ABSTRACT

The structural approaches to people–environment interaction described in Chapters 2 and 3 and the behavioural approaches outlined in Chapters 4 and 5 have a number of shortcomings. For example, spatial interaction models such as the gravity model and similar formulations may provide a reasonable description of the empirical regularity that is to be seen in the behaviour of aggregates of individuals but they offer little by way of explanation. They therefore give little insight into why individuals come to act in a given way. Aggregate statistics, in other words, frequently mask the variability in behaviour that exists between different individuals and between different groups and they thereby cloud the causes of such behaviour. Likewise, structural Marxist approaches adopt a holistic rather than an individualistic stance.
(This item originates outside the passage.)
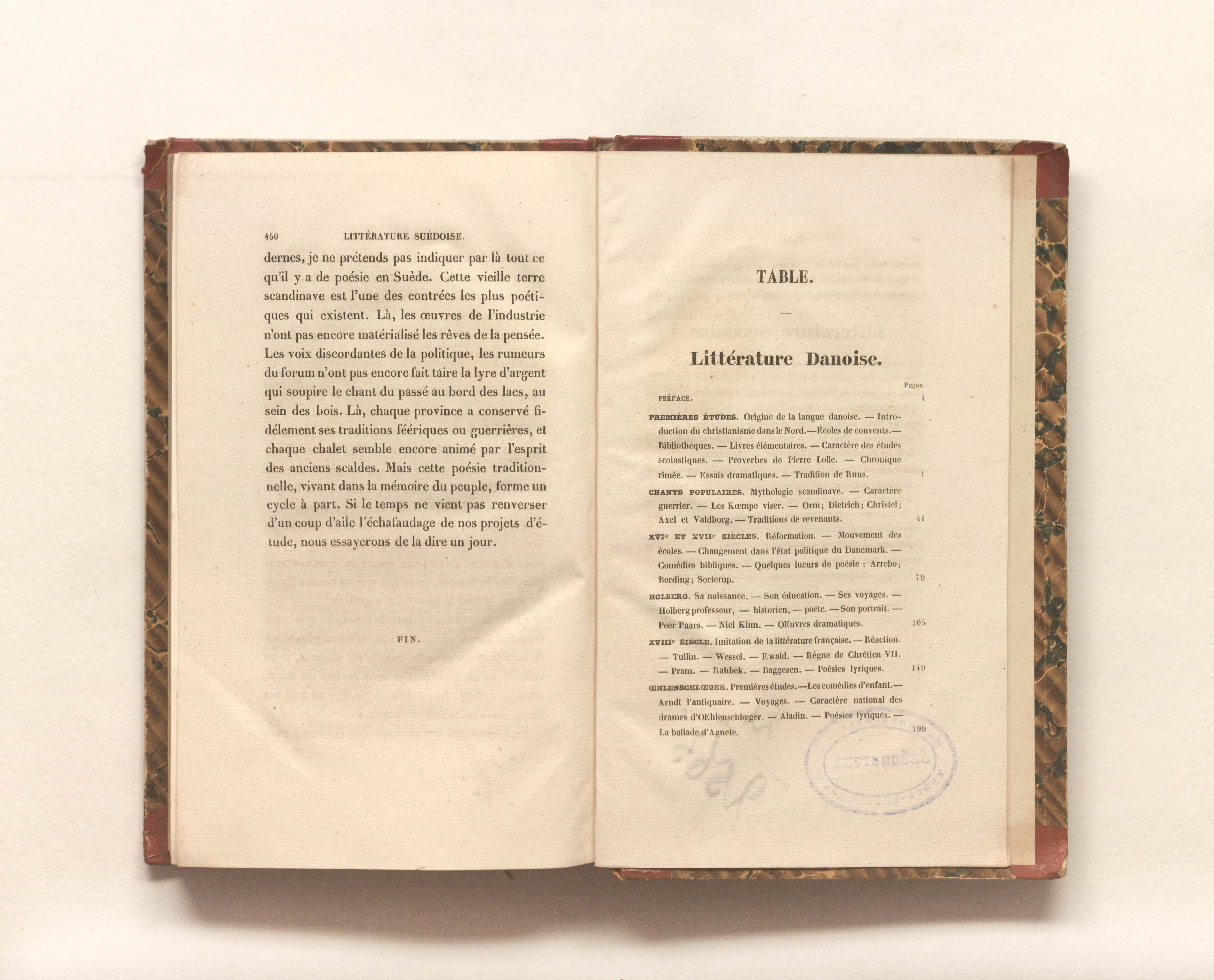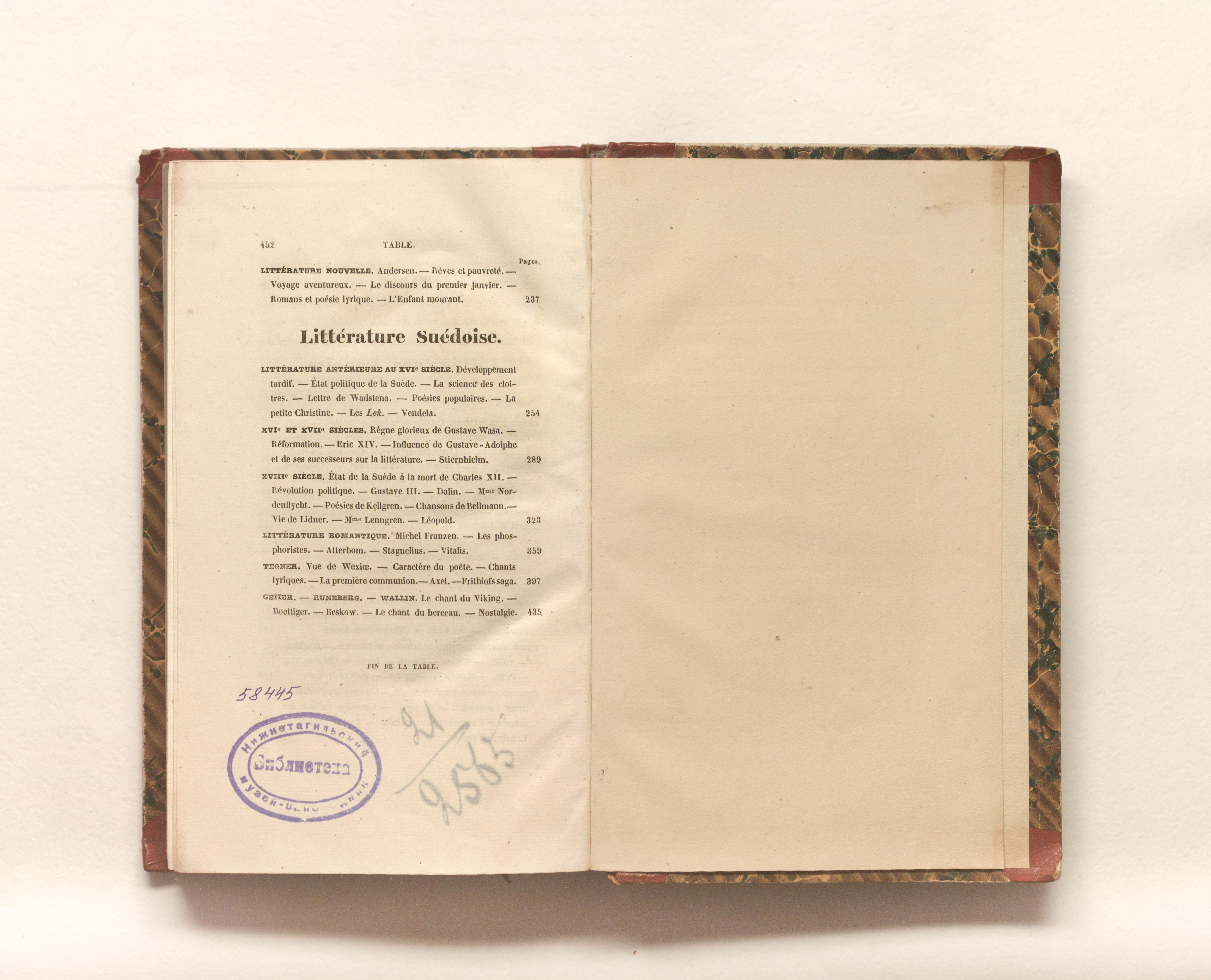 История литературы Дании и Швеции / К. Мармье. — Париж : Ф. Боннер, 1839. — VIII, 452 с. ; 21,5х13,5 см.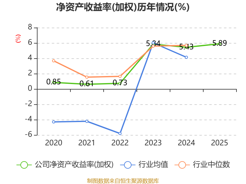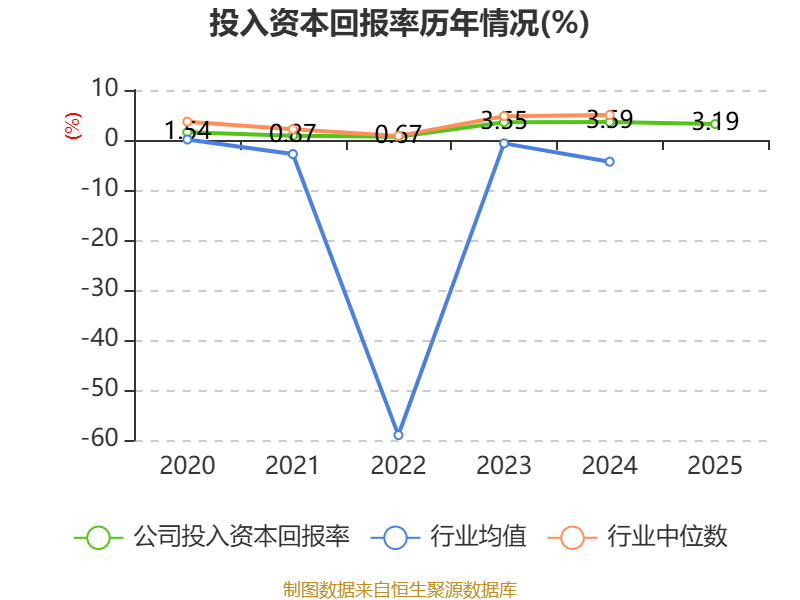 数据显示,2025年公司加权平均净资产收益率为5.89%,较上年同期上升0.46个百分点。公司2025年投入资本回报率为3.19%,较上年同期下降0.4个百分点。

They place great faith in transcendental structures as the motivating force in the functioning of society and they subjugate individuals to a passive role in a system dominated by the relationship between the mode of production and the associated superstructure. Spatial structural approaches, again reviewed in Chapter 2, fare little better. An emphasis on social space as a macro-scale phenomenon, and on the identification of social areas, runs the risk of directing inquiry at an artificial target in that many of the areas about which information is gathered (notably census districts of one sort or another) are merely administrative units designated for the convenience of census organizers. Many of them have little significance in terms of either behaviour or social belonging. Worse still, to focus on units such as census districts can encourage geographers to commit the ecological fallacy. This involves two things:

Attributing the characteristics of an area to all the individuals living within that area even where there is ample evidence to show that such ‘diagnostic’ characteristics are carried by only a minority of residents (Hamnett 1979);

Proceeding with a style of analysis whereby areal chacteristics are correlated with each other, often creating fallacious impressions of causal relationships (Openshaw 1984).